2.3 Image preparation and Fourier analysis

Software tools for image processing and analysis of the AO-OCT volumes were developed in MATLAB and ImageJ (Java plugins) [27]. To start, axial eye motion was removed from each AO-OCT volume by axially registering fast B-scans using a custom ImageJ plugin based on dynamic programming [28] in which fast OCT B-scans were shifted axially in order to align IS/OS in the slow B-scan projection view. Next the bright reflectance bands corresponding to IS/OS and COST layers were segmented and projected in en face to create 2D areal images of the cone mosaic at both depths [28]. Power spectra of the IS/OS and COST en face images were computed by Fourier transformation from which circumferential averages were determined and DC normalized. Averaging of power spectra from different AO-OCT volumes (typically ~5) acquired at the same focus and retinal location improved signal to noise. Best focus for cone imaging was determined by finding the circumferential-averaged power spectrum with maximum energy at the cone fundamental frequency. Noise was reduced by averaging the five pixels that covered the cone spectral peak. All further analysis of the AO-OCT images were limited to those acquired at this plane of best focus.

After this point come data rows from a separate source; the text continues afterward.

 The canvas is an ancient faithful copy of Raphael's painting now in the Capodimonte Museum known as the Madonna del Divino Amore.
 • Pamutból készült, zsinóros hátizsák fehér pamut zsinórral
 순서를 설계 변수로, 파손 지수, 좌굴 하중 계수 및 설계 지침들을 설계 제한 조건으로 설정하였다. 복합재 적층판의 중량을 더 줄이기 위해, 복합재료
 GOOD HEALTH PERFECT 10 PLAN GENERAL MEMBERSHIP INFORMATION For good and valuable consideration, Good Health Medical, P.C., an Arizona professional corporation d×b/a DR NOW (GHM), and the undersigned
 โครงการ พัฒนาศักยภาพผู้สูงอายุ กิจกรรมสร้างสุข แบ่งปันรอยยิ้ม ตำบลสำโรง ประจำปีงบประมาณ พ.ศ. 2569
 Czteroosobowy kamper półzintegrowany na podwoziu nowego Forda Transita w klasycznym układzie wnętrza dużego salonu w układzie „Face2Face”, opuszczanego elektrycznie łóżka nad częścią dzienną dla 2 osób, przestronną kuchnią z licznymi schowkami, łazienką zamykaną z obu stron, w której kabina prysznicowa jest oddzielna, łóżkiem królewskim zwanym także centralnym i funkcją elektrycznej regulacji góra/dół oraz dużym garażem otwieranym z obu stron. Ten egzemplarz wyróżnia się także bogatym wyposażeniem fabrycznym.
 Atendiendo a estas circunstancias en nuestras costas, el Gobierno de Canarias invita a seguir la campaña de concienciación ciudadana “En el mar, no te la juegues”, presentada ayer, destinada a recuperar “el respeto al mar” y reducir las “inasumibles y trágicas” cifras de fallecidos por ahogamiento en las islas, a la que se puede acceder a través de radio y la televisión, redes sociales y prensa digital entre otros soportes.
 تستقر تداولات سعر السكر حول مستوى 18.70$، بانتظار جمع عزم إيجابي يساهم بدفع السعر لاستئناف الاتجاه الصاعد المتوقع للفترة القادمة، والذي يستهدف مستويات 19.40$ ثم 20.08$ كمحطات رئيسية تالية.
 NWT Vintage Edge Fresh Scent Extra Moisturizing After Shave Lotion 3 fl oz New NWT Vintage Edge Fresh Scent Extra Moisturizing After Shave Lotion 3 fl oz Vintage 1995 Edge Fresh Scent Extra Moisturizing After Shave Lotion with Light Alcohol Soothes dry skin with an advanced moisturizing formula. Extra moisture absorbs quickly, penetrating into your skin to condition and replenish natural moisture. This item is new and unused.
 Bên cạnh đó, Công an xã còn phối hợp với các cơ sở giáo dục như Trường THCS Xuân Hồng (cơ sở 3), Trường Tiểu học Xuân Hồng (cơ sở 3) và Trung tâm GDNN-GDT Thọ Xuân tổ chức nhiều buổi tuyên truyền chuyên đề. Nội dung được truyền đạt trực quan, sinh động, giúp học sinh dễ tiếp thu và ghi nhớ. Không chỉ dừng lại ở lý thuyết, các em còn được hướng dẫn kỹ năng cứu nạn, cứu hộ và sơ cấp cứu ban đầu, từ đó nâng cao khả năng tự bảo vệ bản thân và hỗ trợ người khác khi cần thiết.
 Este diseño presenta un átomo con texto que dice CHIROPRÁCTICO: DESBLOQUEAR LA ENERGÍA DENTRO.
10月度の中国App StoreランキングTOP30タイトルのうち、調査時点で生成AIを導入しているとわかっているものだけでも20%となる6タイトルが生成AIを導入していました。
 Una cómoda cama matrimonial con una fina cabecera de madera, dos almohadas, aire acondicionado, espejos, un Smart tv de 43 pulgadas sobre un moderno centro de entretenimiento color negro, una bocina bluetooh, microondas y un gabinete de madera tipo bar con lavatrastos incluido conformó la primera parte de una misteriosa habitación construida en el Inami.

For each cone mosaic image, 50 to 100 cones were selected manually. Selection criteria was clear visibility of the cone at both IS/OS and COST layers, absence of vasculature shadows and motion artifacts, and a spatial distribution of cones that roughly covered the full AO-OCT image. Selected cones were extracted from the IS/OS and COST layers by cropping a square region centered on the cone, large enough to encompass the cone reflection, but small enough to avoid adjacent cones. For retinal eccentricities where cones are densely packed (0.6° and 2°), we found an additional circular binary mask, of same diameter as the selected square region, was necessary to remove adjacent cones that sometimes appeared in the corners of the square. Note that the XY coordinate of the selected region for a given cone was the same for both the cone’s IS/OS and COST reflections as these two reflections share the same set of AO-OCT A-lines. Selected region size was fixed for all cones at the same retinal eccentricity, but adjusted over eccentricities to account for varying cone diameter. Finally, selected regions were visually examined to assure only one cone per region.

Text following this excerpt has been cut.